第3話 真理の中の余計な一言

ふとロメリアが目を上げると、ヴィヴィニーアは腕を組んだまま、カクン、カクンと頭を微かに揺らしている。

きっと昨夜もまた古い気象記録書などを読み耽り、起こってもいない飢饉などが本当に未然となるよう、手配のあれこれを考えていたのだろう。

そう察しながら揺れる金色の輪を見ながら、ロメリアは優し気な微笑みを浮かべた。

なぜか婚約者であるヴィヴィニーアを前にしてはめったに浮かべないのだけれど、こうして視線を感じなくなると、つい幼子を見守る滋味溢れる表情になる。

「……甘いですわね、わたくしも」

「いえあの……姫様……ロメリア様……そのお顔はとても婚約者様や第二王子殿下を見るお顔ではございませんよ?」

「あら、そう言えばいたんだったわね、ホムラ」

「言わなくてもおります。たとえわたくしが同乗することが叶わなかったとしても、地の精霊がロメリア様をお守りくださるとは思いますが」

「そうねぇ。ヴィヴィが一緒ならば、デュークも共に来てくれるし……お腹に触りはなくて?」

「ええ、ロメリア様の御祈祷をちょうだいしましたおかげで、腹の子はふたりとも・・・・・元気なようでございます」

まだほとんど目立たない下腹部にそっと手をやり、自分ではなくその部分に優しく視線を落とす専任侍女を、ロメリアはまた優しく見つめる。

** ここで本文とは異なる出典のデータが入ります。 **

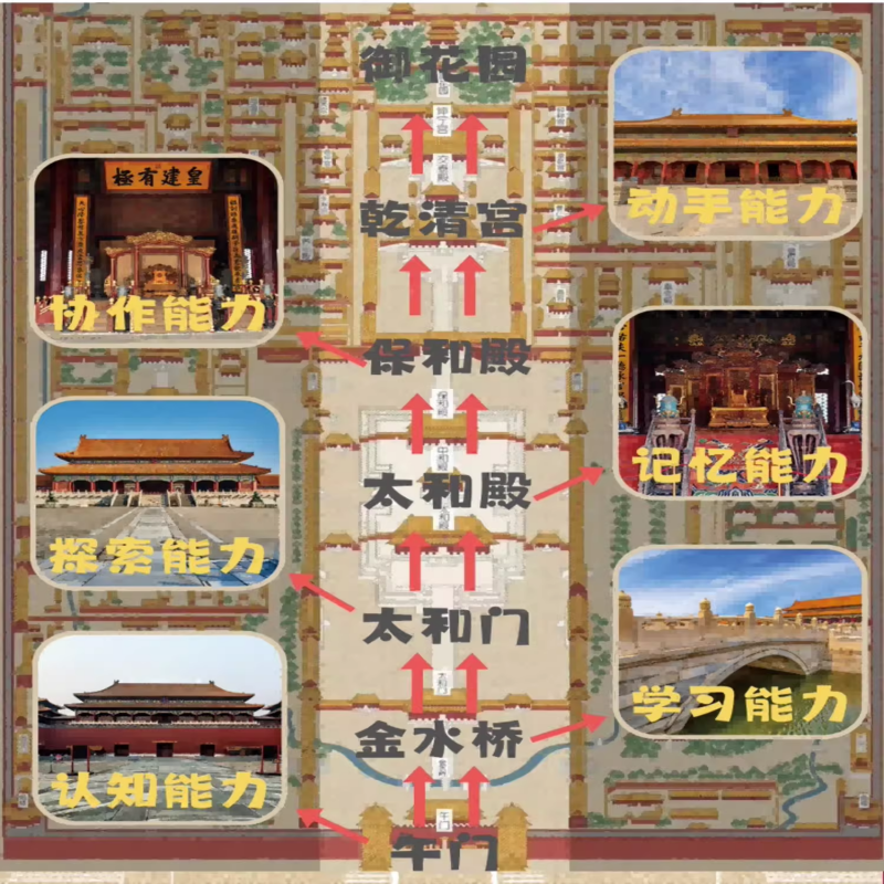 区别于普通观光,本产品以“宫研学”为核心,结合任务卡、互动问答、角色扮演等教学方式,引导孩子主动探索故宫的建筑规制、文物故事与礼仪制度。差旅中的短暂停留因此转化为高价值的学习经历,帮助孩子建立对中华文明的系统认知,提升差旅的家庭获得感。
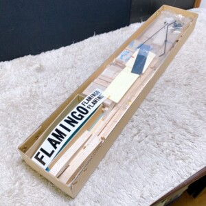 お預かりしたフラミンゴ40SRは未組立のキット状態で、バルサ材・図面・ステッカー類などの内容物が確認できました。外箱には保管に伴う軽度のスレや角の傷みが見られましたが、主要パーツに破損や欠品はなく、再販に支障のない状態でした。未組立である点は査定上のプラス要素となりました。
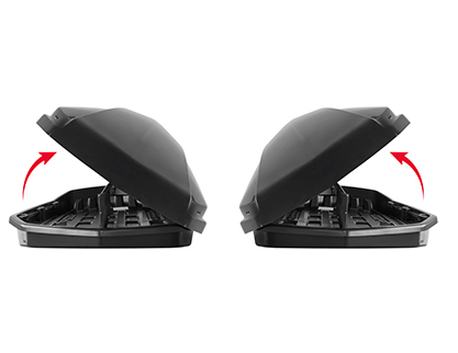 Krovni kofer s ekskluzivnim i aerodinamičnim dizajnom, proučavana kako bi optimizirala protok zraka oko kutije. Sustav s centralnim zaključavanjem na 3 točke nudi maksimalnu sigurnost. Brz i siguran sustav montaže unutar krovnih nosača pomoću “T” vijaka. Maksimalna nosivost 75 kg, unutarnji kapacitet 500 litara. Dvostruko otvaranje s obje strane.
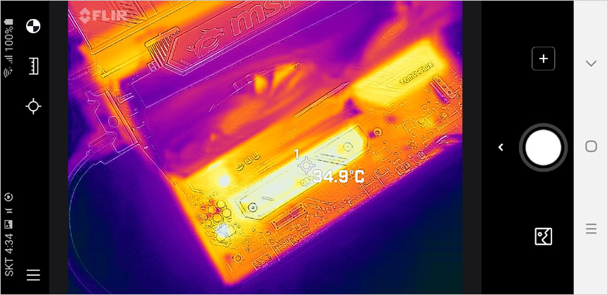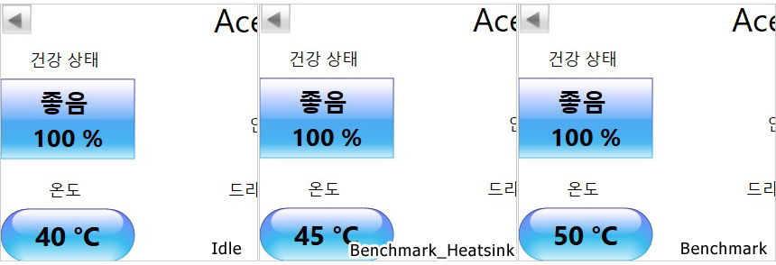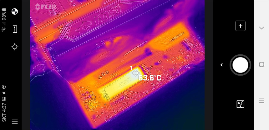 벤치마크를 실행한 상태에서 (크리스탈 디스크 마크) SSD의 표면 온도를 확인하고 있는 모습으로 M.2 쉴드 프로져를 사용했을 때 온도가 확연히 낮아진 것을 확인할 수 있다. (참고로 대부분의 NVMe 4.0 SSD는 작동중 컨트롤러 온도가 70도를 넘어가 히트싱크를 장착해 온도를 낮춰주는 것이 좋다.)
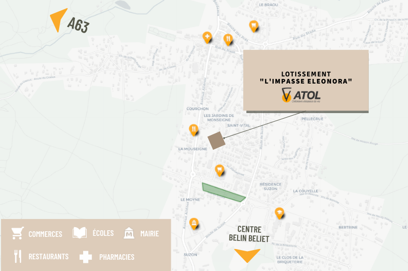 L’impasse Éléonora prend vie à 1km du centre de Belin Beliet et de ses commodités, et à 5min à pied d’un supermarché et des écoles. Les terrains à bâtir de ce lotissement sont vendus reliés à l'assainissement collectif, libres de constructeurs et déjà livrés. Les permis de construire sont déposables immédiatement !
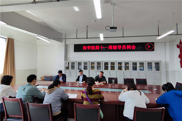 5月2日上午,商学院在实训楼B503会议室召开第十一周辅导员工作例会。商学院党委书记肖良、组织员黄凯和全体辅导员(班主任)参加了会议,党委副书记周亚主持会议。
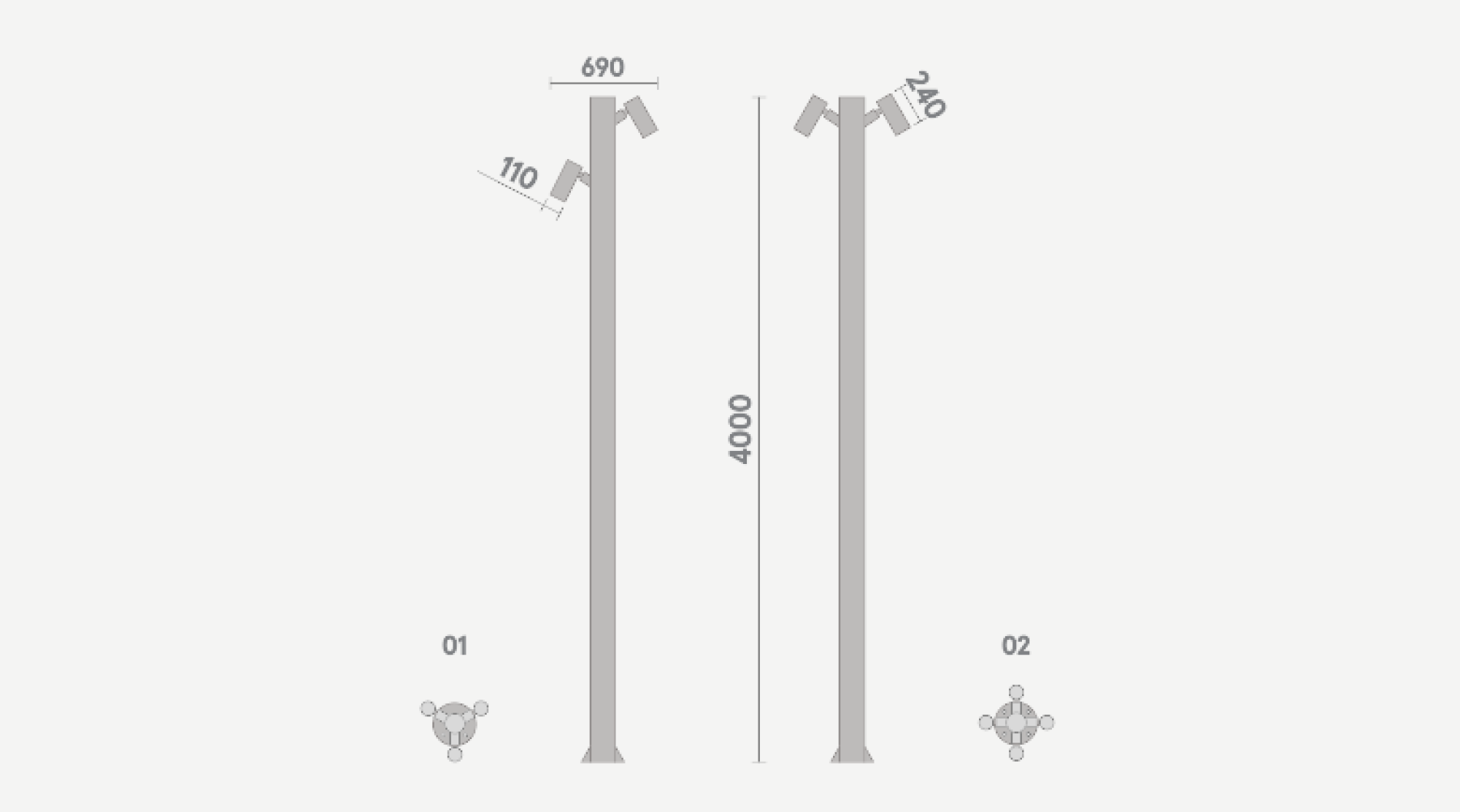 RUON ROTO spot может быть установлен двумя удобными методами: на закладную деталь или с использованием анкерного болта. Это означает, что светильник легко монтируется на различных поверхностях, включая грунт и бетон.

ホムラ・リー・ガヴェント──現在はドルント姓となり、馬車の外にある従者用座席で後ろを守っているアディーベルト・ギャラウ・ドルントの妻となり、現在妊娠四ヶ月だった。

本来は忌み子であるといわれる男女の双子を宿しているが、彼女をただひとりの専属として側に置くロメリアが気にしていないため、誰も表立ってホムラを追い出すことはできていない。

そういう動きがあることをもちろんロメリアは知っていて、わざとそういう態度を取っている部分はあるが、本心はホムラが無事に子供たちを出産できれば他人のウザい戯言などどうでもいいのだ。

『忌み子を孕む侍女など、大聖女様に穢れが移ります』

『忌み子を孕ませる従者など、慎みなく大聖女様を穢れさせるやもしれません』

そう言って自ら穢れを纏い、我こそが大聖女のお側仕えにふさわしいと欲塗れで近付いてくる者たちの多かったこと。

そしてそれは今もって継続中である。

『愚者とは面白いほどに己は愚者であるとは言わぬもの。愚者とは面白いほどに己は真実であると言い立てるもの。愚者とは面白いほどに己がどれだ滑稽であるか自覚せぬもの。愚者は面白いほど己の企みが露見せぬと思い込むもの。聖女とは、そのような愚者までも救うもの。感情はどうあれ』

「……最後の一言は余計ですわ、大叔母様」

ロメリアは手にしていた大聖女の心得的な書物を開き、溜め息をつく。

しかし先代大聖女の残した格言は真理のひとつであり、確かにロメリアの耳に要らぬ毒忠告を注ぎ込んでくる者だろうと、感情はどうあれ「御祈祷を」と言われれば施すまでなのだ。

問題はそれがロメリアにとってただの義務にしか過ぎないのに、自分が特別授けてもらったのだと勘違いする輩だということ。

身重のホムラを国に置いてこなかったのは彼女を守るためもあるが、そんな扱いも特別だと思っていないしそもそもロメリアを特別扱いしないでいてくれる数少ない友達のひとりだからである。

そしてその夫であるアディーベルトも同行させたのは、彼がロメリアの側にあって国の草原地域を守る女神シアスターを見ることができる稀有な者であり、やはりロメリアのいない隙を狙って危害を加えられるのを避けるためだ。